(686d) Connecting Anthranilate Catabolism and Anabolism Leads to a Novel Muconic Acid Biosynthetic Approach

Lin, Y., BiotecEra Inc.
Sun, X., Beijing University of Chemical Technology
Yuan, Q., Beijing University of Chemical Technology
Yan, Y., University of Georgia

Adipic acid is an important platform chemical that can be used for plastic and nylon production. The global demand for adipic acid is over 2 billion kilograms annually. Currently, the major approach to adipic acid production relies on chemical synthesis using benzene as the starting material. However, this approach is generally considered nonrenewable and environmentally incompatible due to the toxicity of the starting material and intermediates and the release of greenhouse gas N2O. Microbial synthesis from renewable carbon sources provides a feasible and promising alternative in the circumstance of environment deterioration and petroleum depletion. Indeed, adipic acid can be easily generated by hydrogenation of muconic acid, a naturally existing intermediate in aromatic compounds degradation by some soil bacteria. Draths and Frost first reported the constitution of an artificial pathway in Escherichia coli by shunting 3-dehydroshikimate from shikimate pathway, affording the production of muconic acid from glucose. Here we designed a novel muconic acid biosynthetic pathway by connecting anthranilate catabolism with anabolism.
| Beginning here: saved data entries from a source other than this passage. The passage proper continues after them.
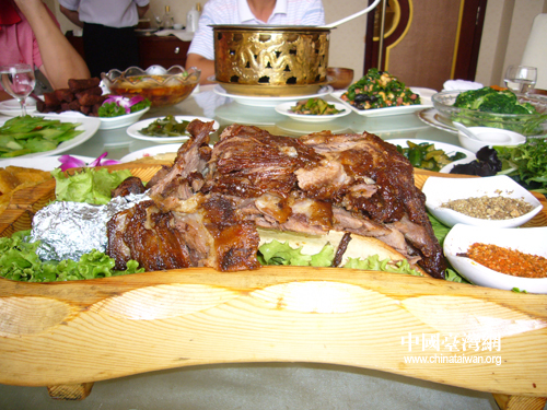 草原沿途都有院長的朋友一路宴請,天天大宴小酌,敬白酒、吃羊肉,是必不可少的公式,也是我心頭與身體一大負擔,但蒙族習俗如此,如果拒絕,就是最大的失禮。在內(nèi)蒙古,羊身上各部位,都各有名稱與吃法,例如羊的肩胛骨,別名“七十”,是羊肉的珍品,從前這個部位不能獨享,吃的時候要分給眾人,一人只得一小條,如果有舅父在場,更得征求舅父的同意才能吃,分肉時還得說:“扎(蒙語‘給’),胛子肉敬獻給大家”,受的人也得口占祝福的話,例如:
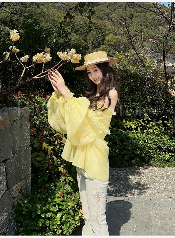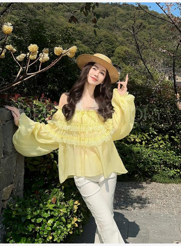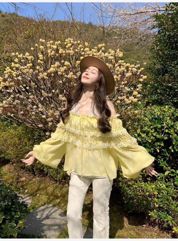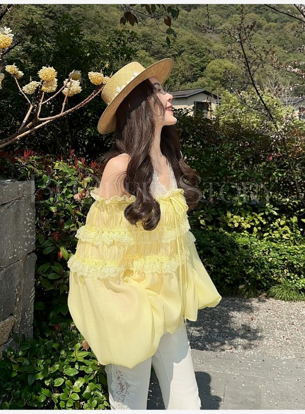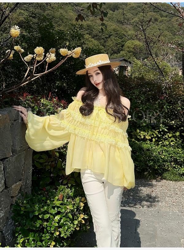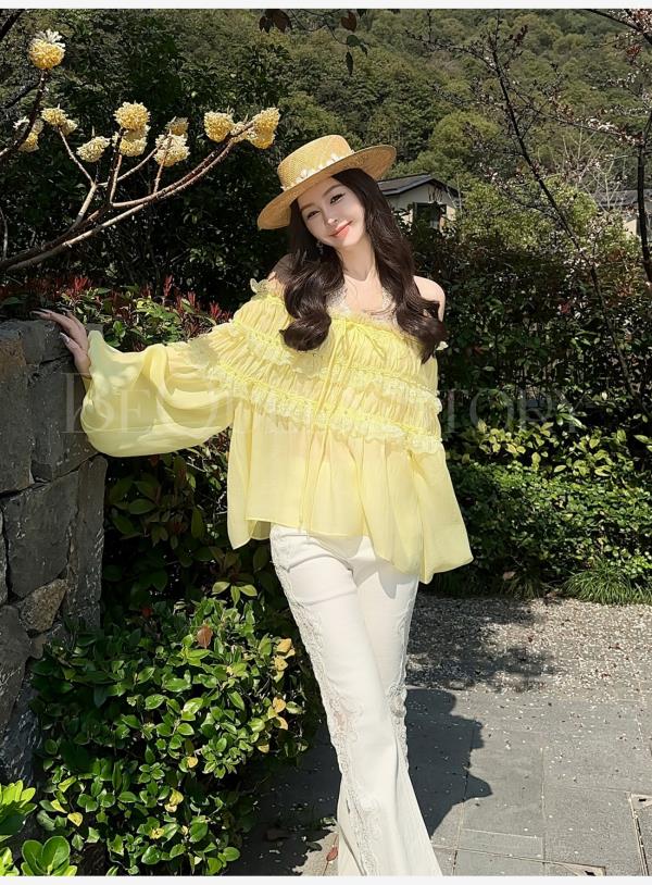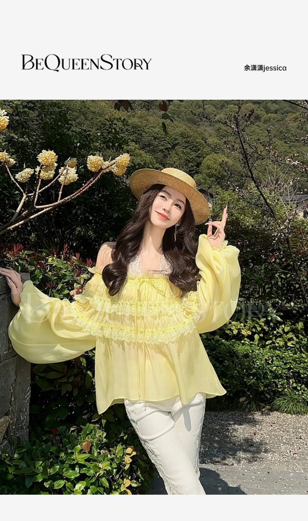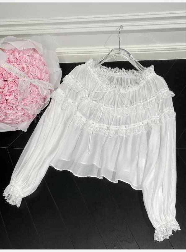 BeQueenStory【温柔水仙】层次感花边手工钉珠一字肩长袖衬衣
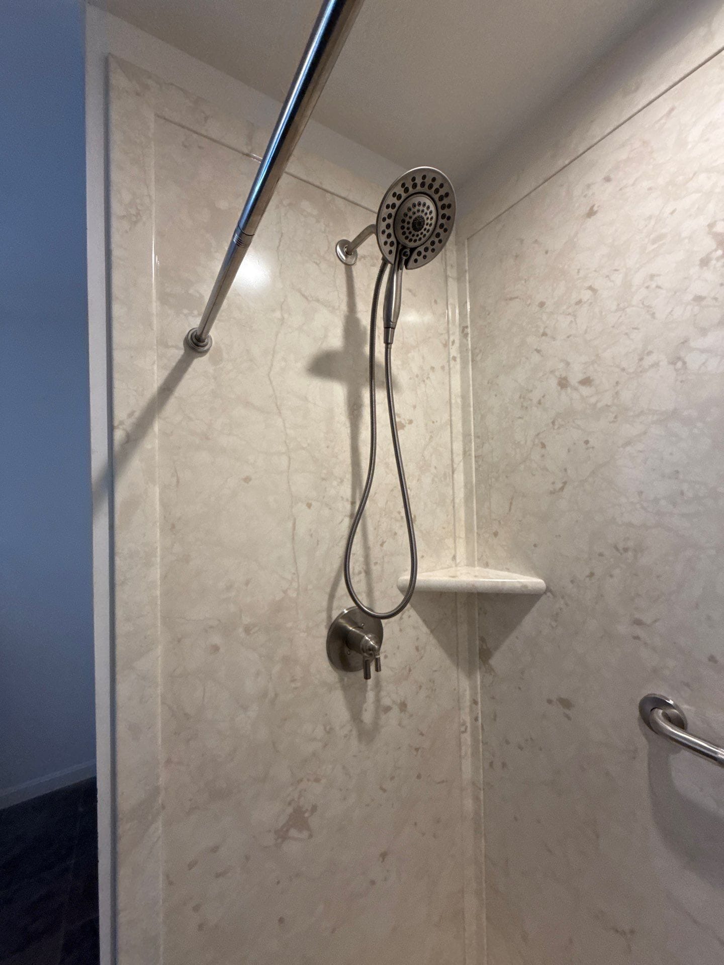 The Five Star Bath Solutions representative presented a grout-free composite wall system designed to replicate the look of natural stone while eliminating the upkeep of tile and grout. The installed walk-in shower features large-format stone-look panels in a light neutral tone, creating a brighter and more open feel compared to the previous dark tile. Chrome fixtures were installed, including a handheld shower system with adjustable positioning, along with multiple grab bars for support. A fold-down bench provides secure seating while maintaining open floor space, and integrated corner shelving offers accessible storage without cluttering the design.
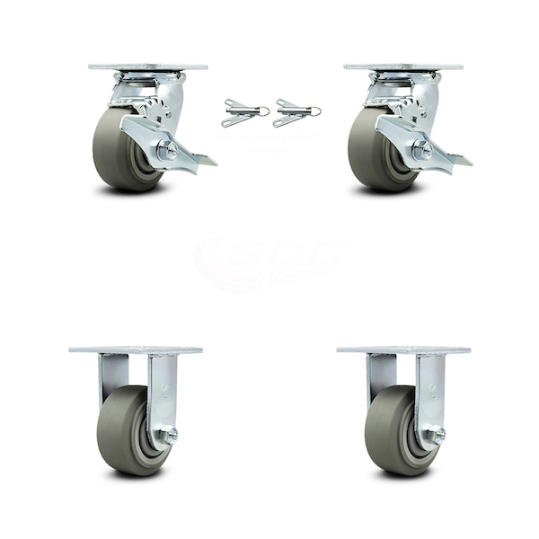 4 Inch Thermoplastic Rubber Caster Set with 2 Brakes/Swivel Lock 2 Rigid SCC

Specifically, anthranilate, an E. coli endogenous intermediate in the tryptophan biosynthetic branch was sequentially converted into catechol and muconic acid by anthranilate 1,2-dioxygenase (ADO) and catechol 1,2-dioxygenase (CDO). First of all, screening for efficient ADO and CDO from different microorganisms led to the convertion of anthranilate to gram per liter-level of muconic acid. Further, to achieve the de novo muconic acid biosynthesis, anthranilate overproducing strains were constructed by blocking tryptophan biosynthesis and over-expressing the key enzymes in shikimate pathway. Interestingly, introduction of a strengthened glutamine regeneration system by over-expressing glutamine synthase dramatically enhanced anthranilate production. Finally, the engineered strain carrying the full pathway produced 390 mg/L of muconic acid from simple carbon sources in shake flask. This approach will demonstrate scale-up potential for microbial production of muconic acid with further condition and pathway optimizations.